Mercoledì mattina, per restare al nostro esempio, dovevamo salire a Piadena per arrivare a Milano. E da lì poi cambiare col treno diretto per Zurigo, quello sì, non essendo di Trenord, quantomeno garantito e in orario. Se non che il treno che doveva partire da Piadena alle 11.10 è stato cancellato e, con esso, pure tutti gli altri fino a metà pomeriggio. Controlliamo dunque sul sito di Trenord se siano possibili altre strade e altre vie: la fortuna di chi vive nel Casalasco è di essere dentro una terra di confine che, in queste occasioni, può risultare molto utile per cercare alternative.

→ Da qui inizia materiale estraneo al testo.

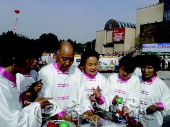 13日,淄博市暨张店区2013科普日启动仪式在市博物馆广场举行。市民纷纷涌向市科技馆推出的50件科普展品,现场体验。图为一位市民将双手放在两块不同材质的金属板上,观察自己身体产生的微电流。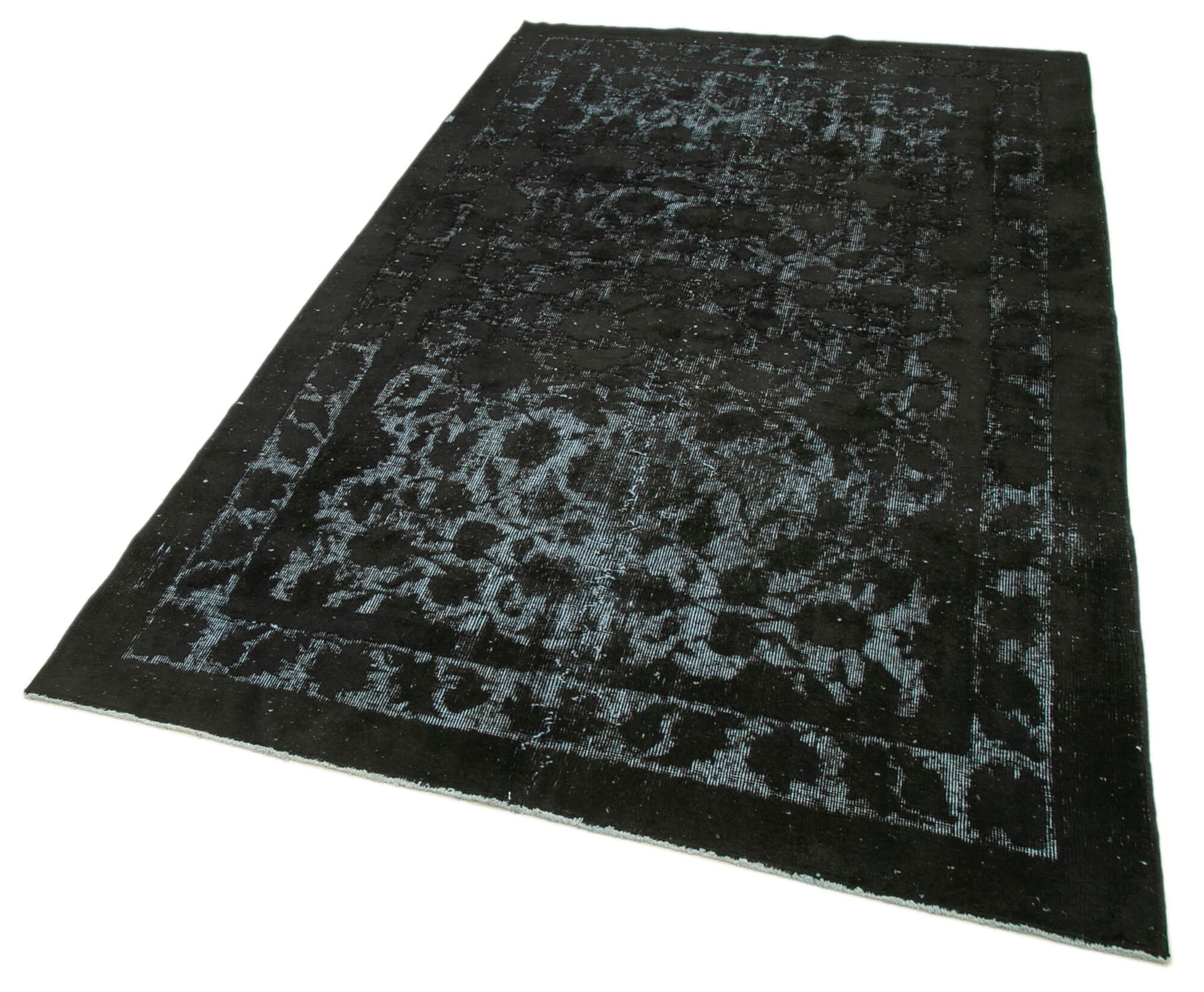 Handmade Vintage Area Rug – Black Cotton Wool Rug, Durable Classic Style Carpet 4'11"x8'2"

Macché, tutto cancellato, in orario utile per prendere la coincidenza a Milano, fino a metà pomeriggio sia da Piadena, quindi da Casalmaggiore, sia da Cremona. Unica chance a Parma, dove però, a causa del ponte sul Po chiuso, non c’è verso di giungere in tempo per il prolungamento obbligato della strada. Resta solo una cosa da fare, per prendere quel treno per Zurigo: andare direttamente a Milano. L’esigenza di un passaggio, dato che l’auto non torna a casa da sola, tre ore di strada tra andata e ritorno, lo stress del traffico cittadino per giungere in piazzale Duca d’Aosta, indirizzo della Stazione Centrale meneghina, più la spesa in benzina che, volendo, potete calcolare.

E d’accordo lo sciopero, d’accordo che eravamo solo turisti e dunque non era una questione di vita o di morte, per così dire: ma il “buco” di mancato servizio prolungato su metà giornata è davvero un eccesso e, in ogni caso, al di là della motivazione per cui si viaggia, un paese civile dovrebbe garantire questa possibilità fornendo qualche alternativa in più. Da domani niente più sciopero e treni regolari, si fa per dire: scommettiamo che la situazione sarà solo di poco migliore?